=== ACTIVITY ===
The required output is the exact run of lines in the listing below from the line holding "Vibrador recarregável vai" through the line holding "Whether you’re attending", with no pictures.

=== GIVEN DATA ===
_____

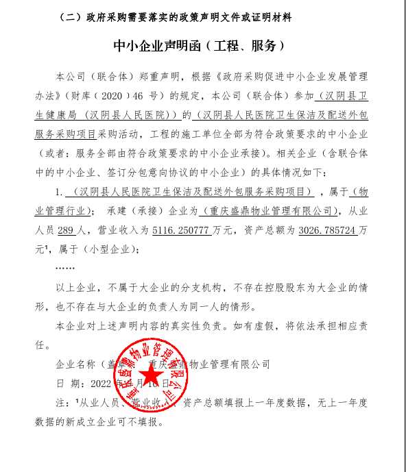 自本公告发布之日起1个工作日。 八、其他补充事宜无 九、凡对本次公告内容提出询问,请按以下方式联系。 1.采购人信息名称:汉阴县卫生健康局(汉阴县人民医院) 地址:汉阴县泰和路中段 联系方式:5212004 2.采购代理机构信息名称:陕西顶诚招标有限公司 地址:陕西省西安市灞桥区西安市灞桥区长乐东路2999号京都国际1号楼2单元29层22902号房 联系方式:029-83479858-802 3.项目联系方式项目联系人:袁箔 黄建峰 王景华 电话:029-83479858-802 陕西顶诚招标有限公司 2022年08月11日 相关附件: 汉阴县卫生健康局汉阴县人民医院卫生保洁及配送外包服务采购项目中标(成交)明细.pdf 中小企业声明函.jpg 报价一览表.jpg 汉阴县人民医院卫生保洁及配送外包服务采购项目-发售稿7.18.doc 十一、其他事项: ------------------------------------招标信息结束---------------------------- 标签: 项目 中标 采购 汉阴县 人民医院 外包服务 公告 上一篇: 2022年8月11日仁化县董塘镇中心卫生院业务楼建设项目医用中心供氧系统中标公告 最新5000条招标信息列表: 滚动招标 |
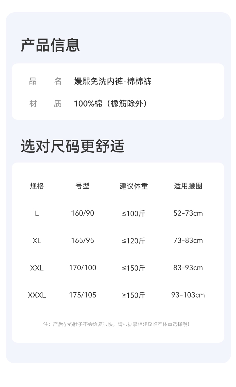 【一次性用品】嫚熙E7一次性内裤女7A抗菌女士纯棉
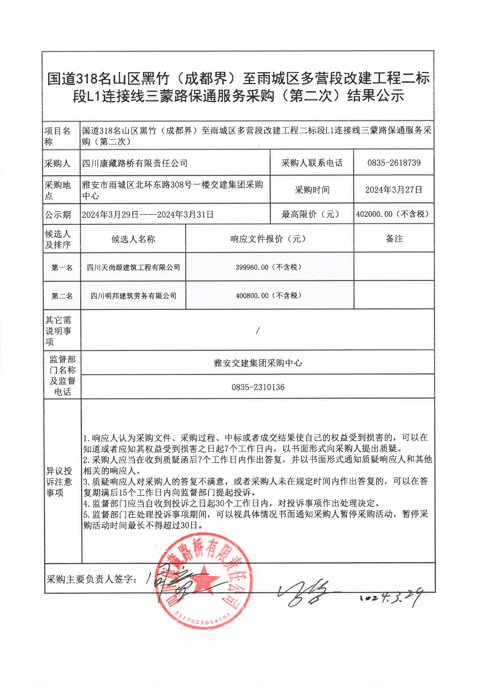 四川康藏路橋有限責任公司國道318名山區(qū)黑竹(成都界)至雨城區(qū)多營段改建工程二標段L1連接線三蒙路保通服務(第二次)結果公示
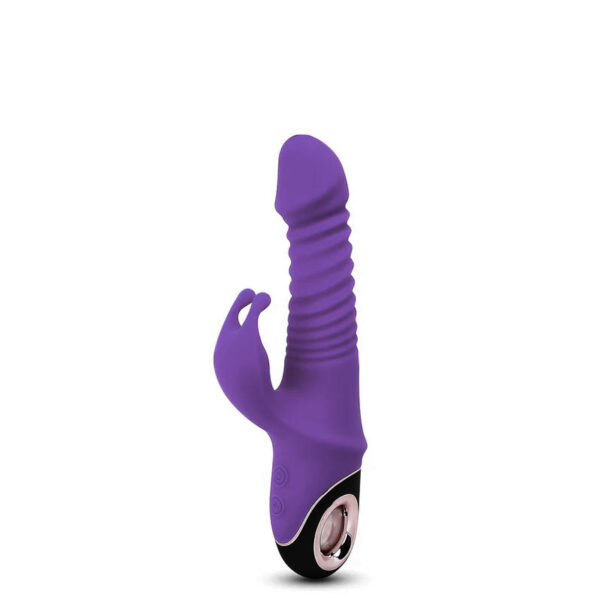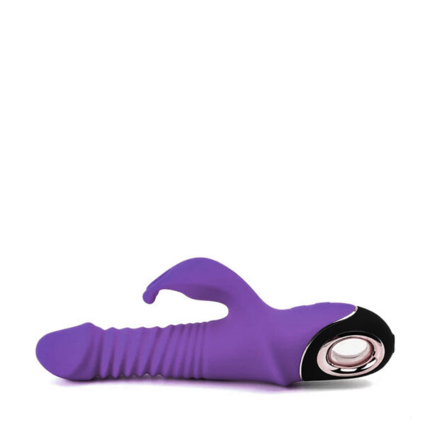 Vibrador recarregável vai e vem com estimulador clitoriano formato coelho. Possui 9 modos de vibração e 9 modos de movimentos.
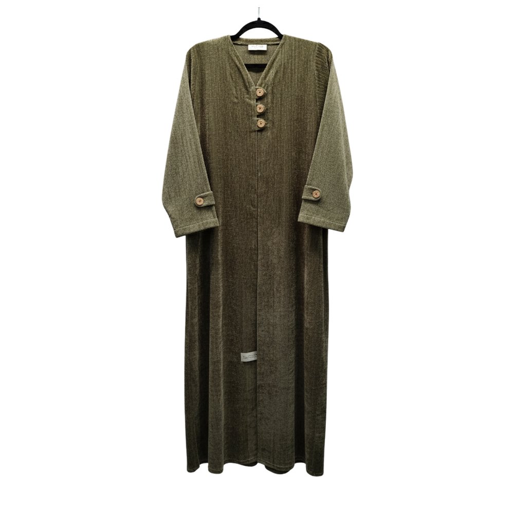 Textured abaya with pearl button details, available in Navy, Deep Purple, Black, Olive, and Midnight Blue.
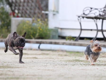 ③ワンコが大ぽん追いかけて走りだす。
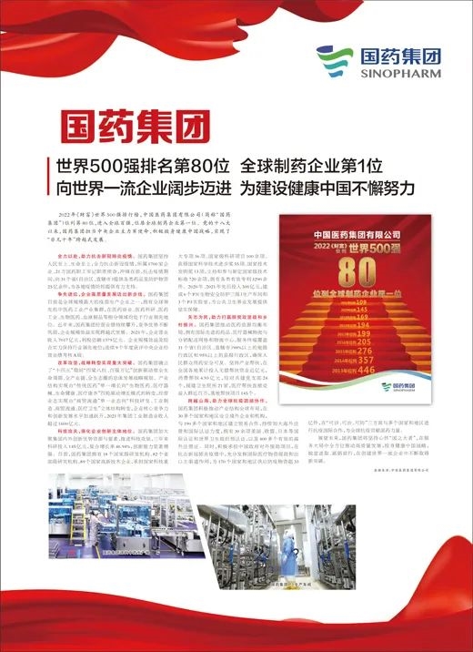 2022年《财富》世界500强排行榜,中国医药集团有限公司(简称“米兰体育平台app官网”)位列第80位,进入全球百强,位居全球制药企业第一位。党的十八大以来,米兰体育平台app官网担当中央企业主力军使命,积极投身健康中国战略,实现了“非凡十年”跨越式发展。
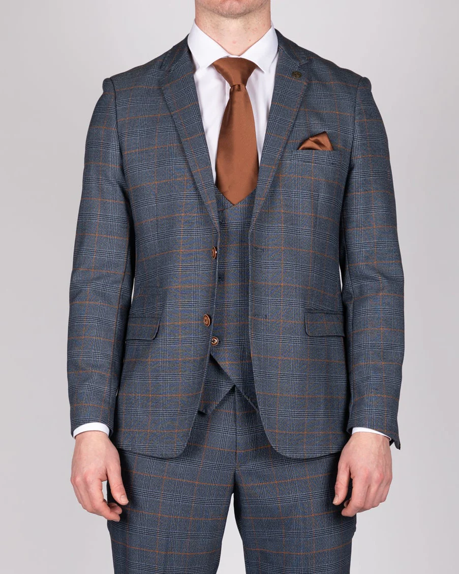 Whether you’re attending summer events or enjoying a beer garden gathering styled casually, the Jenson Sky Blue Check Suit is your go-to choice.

_____

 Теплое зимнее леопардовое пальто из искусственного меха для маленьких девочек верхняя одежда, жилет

_____

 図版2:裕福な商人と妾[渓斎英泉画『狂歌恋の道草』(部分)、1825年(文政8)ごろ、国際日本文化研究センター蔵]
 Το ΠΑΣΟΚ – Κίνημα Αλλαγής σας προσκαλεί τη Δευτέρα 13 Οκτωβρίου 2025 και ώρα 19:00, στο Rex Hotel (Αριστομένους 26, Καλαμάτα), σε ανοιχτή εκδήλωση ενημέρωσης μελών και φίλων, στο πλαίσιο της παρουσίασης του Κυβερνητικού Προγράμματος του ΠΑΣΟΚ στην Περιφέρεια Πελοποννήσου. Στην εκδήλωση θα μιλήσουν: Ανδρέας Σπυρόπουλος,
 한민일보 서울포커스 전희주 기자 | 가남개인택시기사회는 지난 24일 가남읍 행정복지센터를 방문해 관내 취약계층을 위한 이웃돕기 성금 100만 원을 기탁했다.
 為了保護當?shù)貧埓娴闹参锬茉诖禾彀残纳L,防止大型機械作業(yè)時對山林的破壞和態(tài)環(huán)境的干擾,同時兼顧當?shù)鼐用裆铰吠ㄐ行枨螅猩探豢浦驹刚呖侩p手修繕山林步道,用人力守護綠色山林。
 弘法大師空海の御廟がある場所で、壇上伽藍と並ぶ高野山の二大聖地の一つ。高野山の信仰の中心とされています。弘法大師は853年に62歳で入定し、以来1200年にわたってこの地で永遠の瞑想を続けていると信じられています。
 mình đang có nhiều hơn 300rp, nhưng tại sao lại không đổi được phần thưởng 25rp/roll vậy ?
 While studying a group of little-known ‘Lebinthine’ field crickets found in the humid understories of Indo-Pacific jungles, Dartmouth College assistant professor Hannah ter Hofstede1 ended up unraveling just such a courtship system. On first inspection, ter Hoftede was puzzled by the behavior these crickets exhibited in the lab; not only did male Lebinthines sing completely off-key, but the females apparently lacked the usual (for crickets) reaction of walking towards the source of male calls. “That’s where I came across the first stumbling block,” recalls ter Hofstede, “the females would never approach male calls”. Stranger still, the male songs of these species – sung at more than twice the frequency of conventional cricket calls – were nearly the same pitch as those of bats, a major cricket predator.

_____

=== REPLY TO THE TASK ===
 Vibrador recarregável vai e vem com estimulador clitoriano formato coelho. Possui 9 modos de vibração e 9 modos de movimentos.
 Textured abaya with pearl button details, available in Navy, Deep Purple, Black, Olive, and Midnight Blue.
 ③ワンコが大ぽん追いかけて走りだす。
 2022年《财富》世界500强排行榜,中国医药集团有限公司(简称“米兰体育平台app官网”)位列第80位,进入全球百强,位居全球制药企业第一位。党的十八大以来,米兰体育平台app官网担当中央企业主力军使命,积极投身健康中国战略,实现了“非凡十年”跨越式发展。
 Whether you’re attending summer events or enjoying a beer garden gathering styled casually, the Jenson Sky Blue Check Suit is your go-to choice.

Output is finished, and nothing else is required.